● **INFORMATION PROVIDED**:
--- --- ---

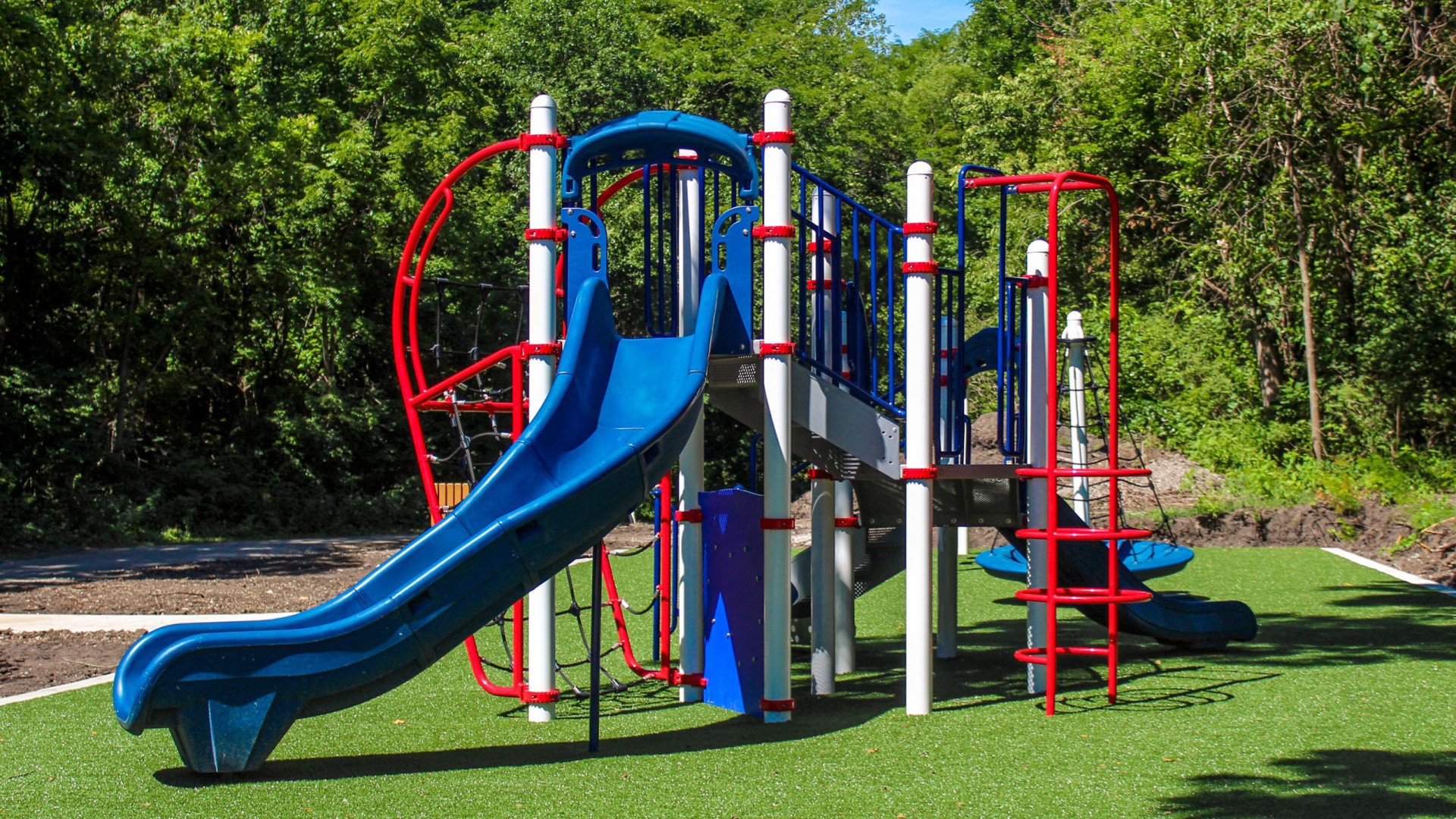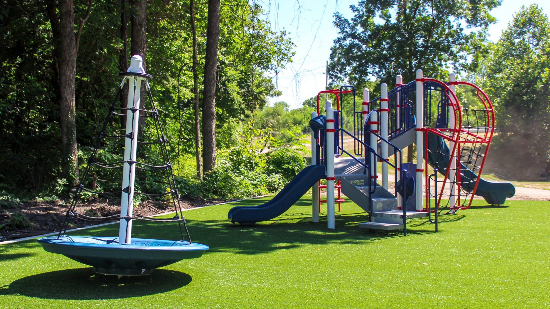 Creekside Park is a 19.9-acre play park that provides bike/hike trail access from the Creekside and Green Meadows neighborhoods to Nall Avenue. The park features a playground with slides, climbing nets, and a climbing spinner.
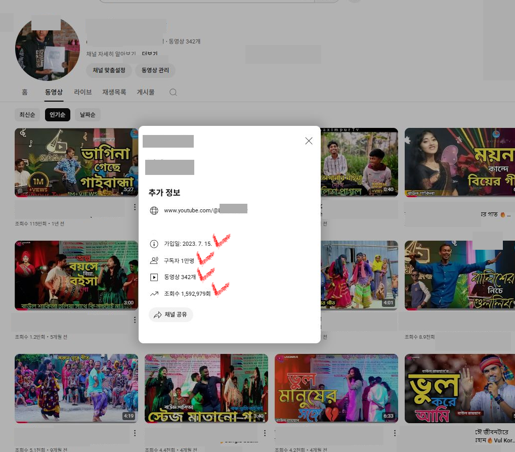 • 조회수가 존재한다면 정상으로 판단하고, 채널 운영 주의사항에 따라 채널명 변경, 영상 비공개/삭제 진행 후 운영을 하시면 됩니다.
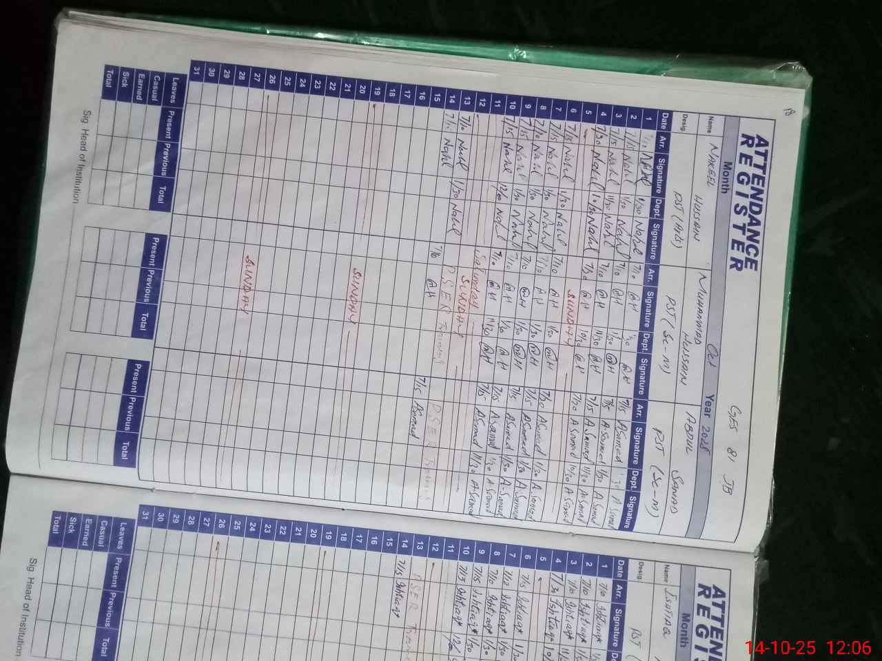 | CNIC | Full Name | Designation | R/C | Absence During Last Calender Month |
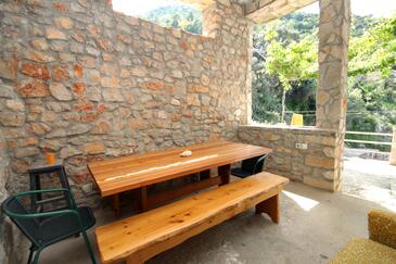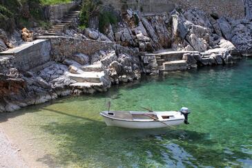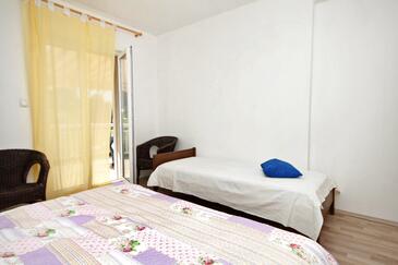 Ferienwohnung bietet Platz für 5 Gäste. Die Betten sind in Schlafzimmern, die es 2 gibt, und in Wohnzimmer, innerhalb einer Gesamtfläche von 51m2, angeordnet. Die Gäste haben eine eigene Terrasse zur Verfügung, auf der sie in warmen Sommernächten genießen können. Das Apartment bietet Meerblick. Es ist erlaubt, Speisen auf dem Gemeinschafts-Grill vorzubereiten.

--- --- ---

● **WHAT TO PRODUCE**: Your task is to repeat the data above exactly while excluding the pictures.

● **RESULT FOR THIS EXERCISE**:
 Creekside Park is a 19.9-acre play park that provides bike/hike trail access from the Creekside and Green Meadows neighborhoods to Nall Avenue. The park features a playground with slides, climbing nets, and a climbing spinner.
 • 조회수가 존재한다면 정상으로 판단하고, 채널 운영 주의사항에 따라 채널명 변경, 영상 비공개/삭제 진행 후 운영을 하시면 됩니다.
 | CNIC | Full Name | Designation | R/C | Absence During Last Calender Month |
 Ferienwohnung bietet Platz für 5 Gäste. Die Betten sind in Schlafzimmern, die es 2 gibt, und in Wohnzimmer, innerhalb einer Gesamtfläche von 51m2, angeordnet. Die Gäste haben eine eigene Terrasse zur Verfügung, auf der sie in warmen Sommernächten genießen können. Das Apartment bietet Meerblick. Es ist erlaubt, Speisen auf dem Gemeinschafts-Grill vorzubereiten.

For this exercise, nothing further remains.